- [Task input]
● ● ● ● ●
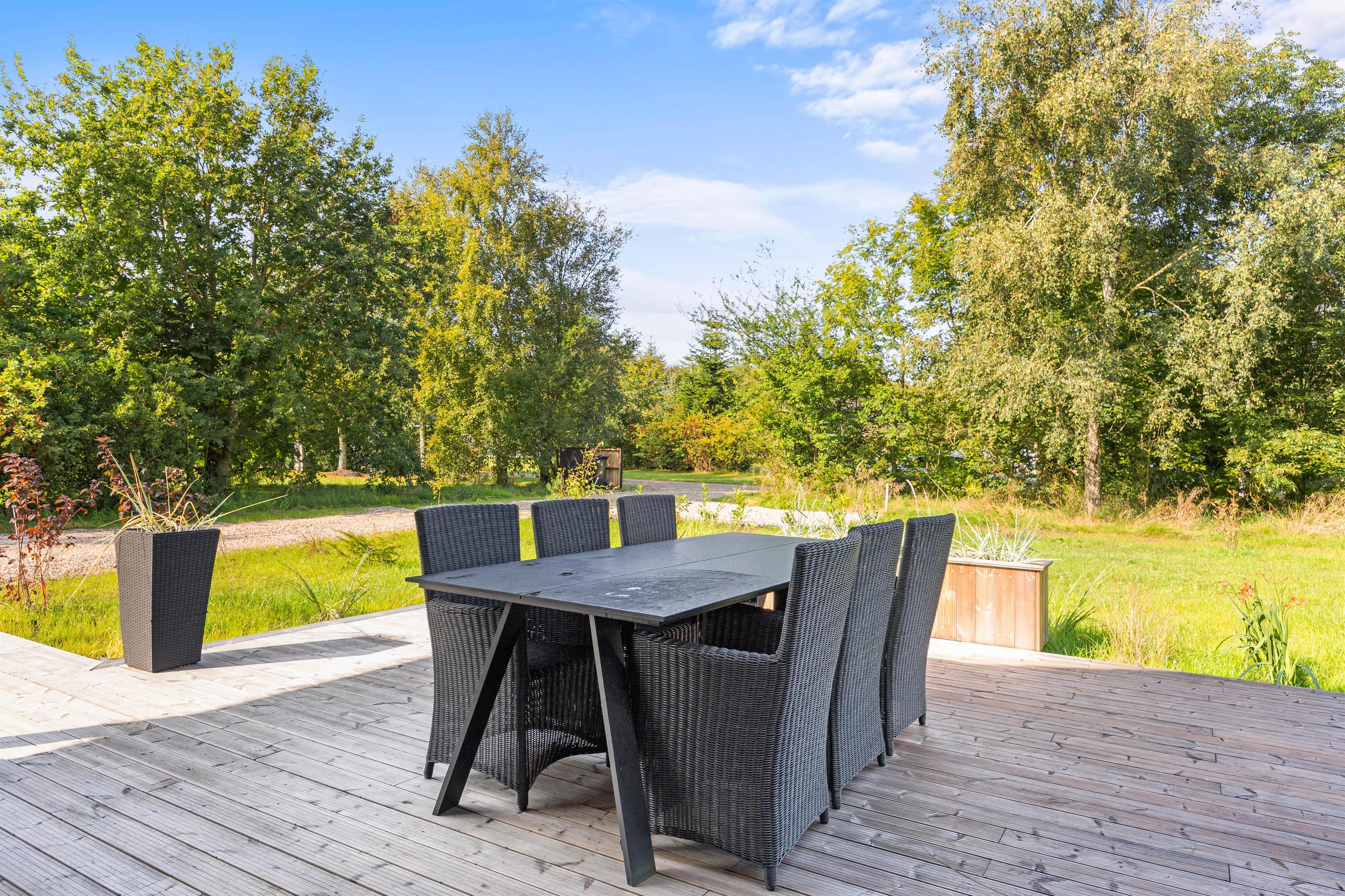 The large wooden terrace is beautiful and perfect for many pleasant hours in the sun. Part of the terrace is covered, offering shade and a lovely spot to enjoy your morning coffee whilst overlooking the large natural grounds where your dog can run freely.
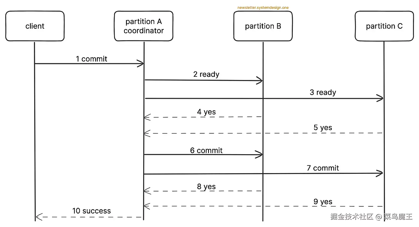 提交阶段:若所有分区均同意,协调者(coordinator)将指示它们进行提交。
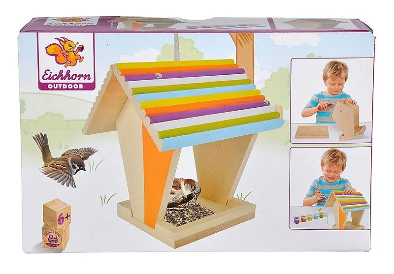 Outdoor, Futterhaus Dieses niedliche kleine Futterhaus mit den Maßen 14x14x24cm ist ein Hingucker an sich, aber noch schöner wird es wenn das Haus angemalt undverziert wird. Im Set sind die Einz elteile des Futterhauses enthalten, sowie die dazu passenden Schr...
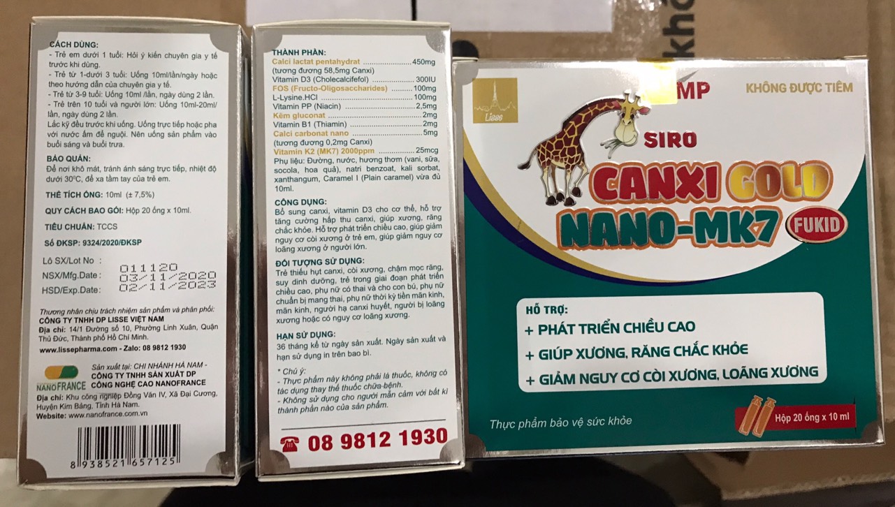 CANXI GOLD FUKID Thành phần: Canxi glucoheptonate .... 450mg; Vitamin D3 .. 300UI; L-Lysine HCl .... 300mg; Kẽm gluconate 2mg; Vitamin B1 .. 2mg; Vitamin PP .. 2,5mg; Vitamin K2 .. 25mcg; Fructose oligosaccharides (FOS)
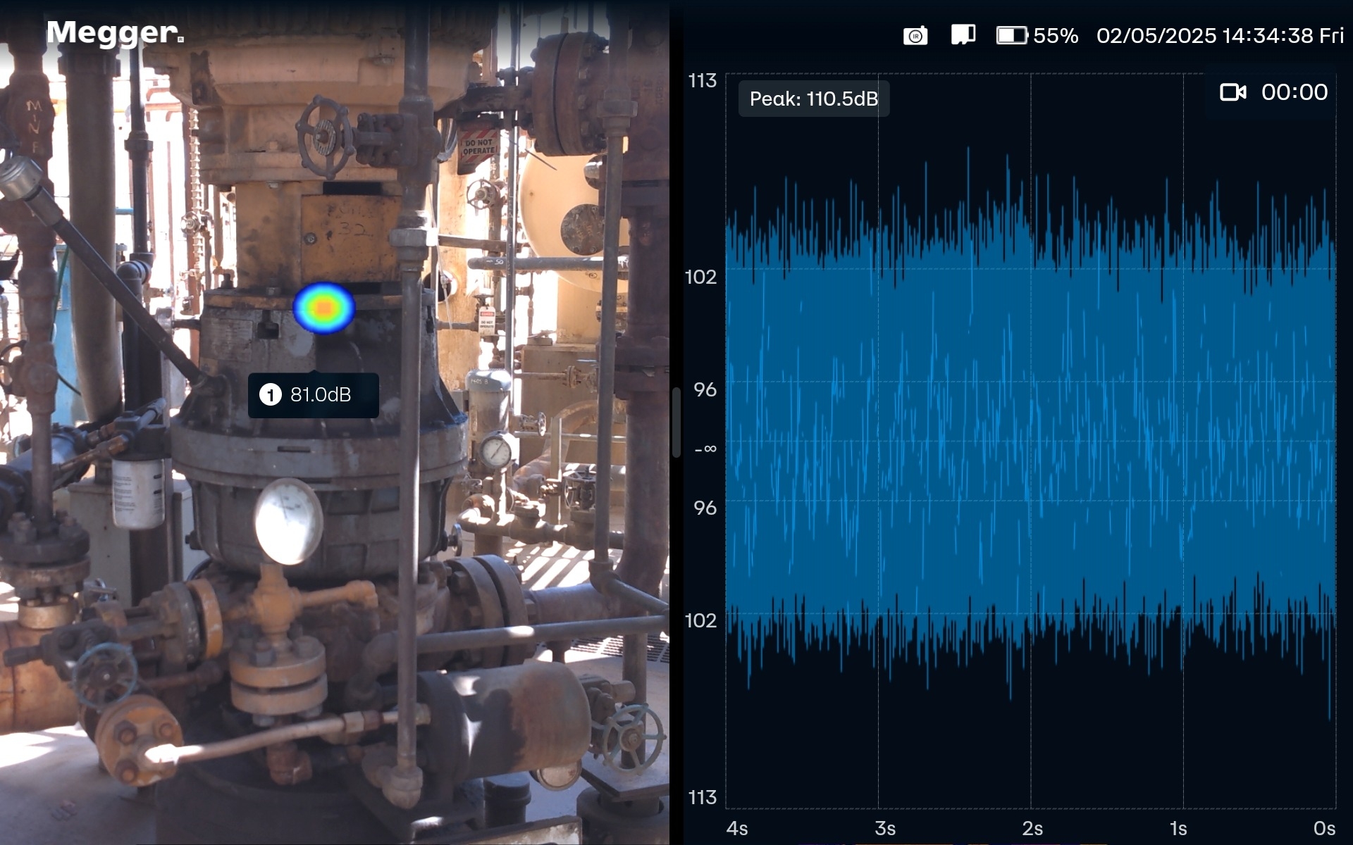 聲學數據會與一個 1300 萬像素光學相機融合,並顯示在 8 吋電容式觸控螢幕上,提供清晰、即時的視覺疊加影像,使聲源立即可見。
● ● ● ● ●
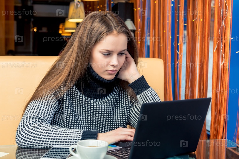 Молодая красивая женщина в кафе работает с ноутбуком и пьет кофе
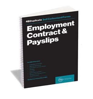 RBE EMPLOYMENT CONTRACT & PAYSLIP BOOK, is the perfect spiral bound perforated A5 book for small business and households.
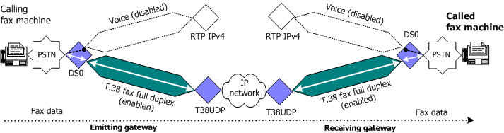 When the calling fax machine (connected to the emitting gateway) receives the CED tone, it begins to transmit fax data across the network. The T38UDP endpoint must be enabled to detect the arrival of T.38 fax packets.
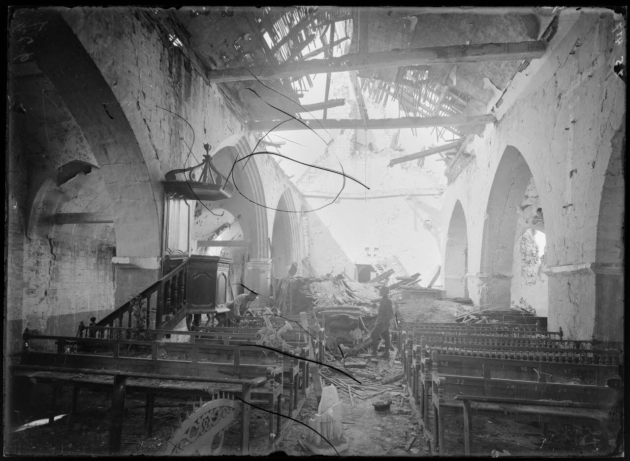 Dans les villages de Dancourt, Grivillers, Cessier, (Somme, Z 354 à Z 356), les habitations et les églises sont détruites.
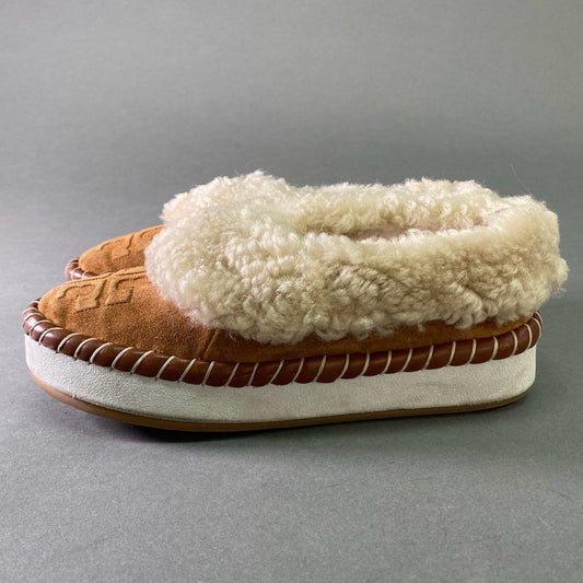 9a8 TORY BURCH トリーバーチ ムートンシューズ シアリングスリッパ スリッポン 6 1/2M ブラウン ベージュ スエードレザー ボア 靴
● ● ● ● ●
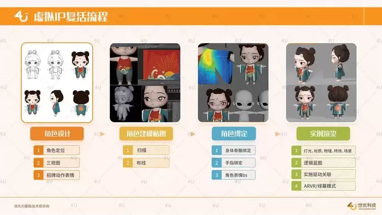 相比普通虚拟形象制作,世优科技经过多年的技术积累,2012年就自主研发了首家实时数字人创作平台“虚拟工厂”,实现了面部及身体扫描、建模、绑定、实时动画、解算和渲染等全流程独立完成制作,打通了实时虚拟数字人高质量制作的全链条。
● ● ● ● ●
- [Exercise instructions] Looking above, find the stretch of lines that opens with the one holding "RBE EMPLOYMENT CONTRACT" and closes with the one holding "9a8 TORY BURCH". Copy it exactly, pictures excluded.

- [Result of the exercise]
 RBE EMPLOYMENT CONTRACT & PAYSLIP BOOK, is the perfect spiral bound perforated A5 book for small business and households.
 When the calling fax machine (connected to the emitting gateway) receives the CED tone, it begins to transmit fax data across the network. The T38UDP endpoint must be enabled to detect the arrival of T.38 fax packets.
 Dans les villages de Dancourt, Grivillers, Cessier, (Somme, Z 354 à Z 356), les habitations et les églises sont détruites.
 9a8 TORY BURCH トリーバーチ ムートンシューズ シアリングスリッパ スリッポン 6 1/2M ブラウン ベージュ スエードレザー ボア 靴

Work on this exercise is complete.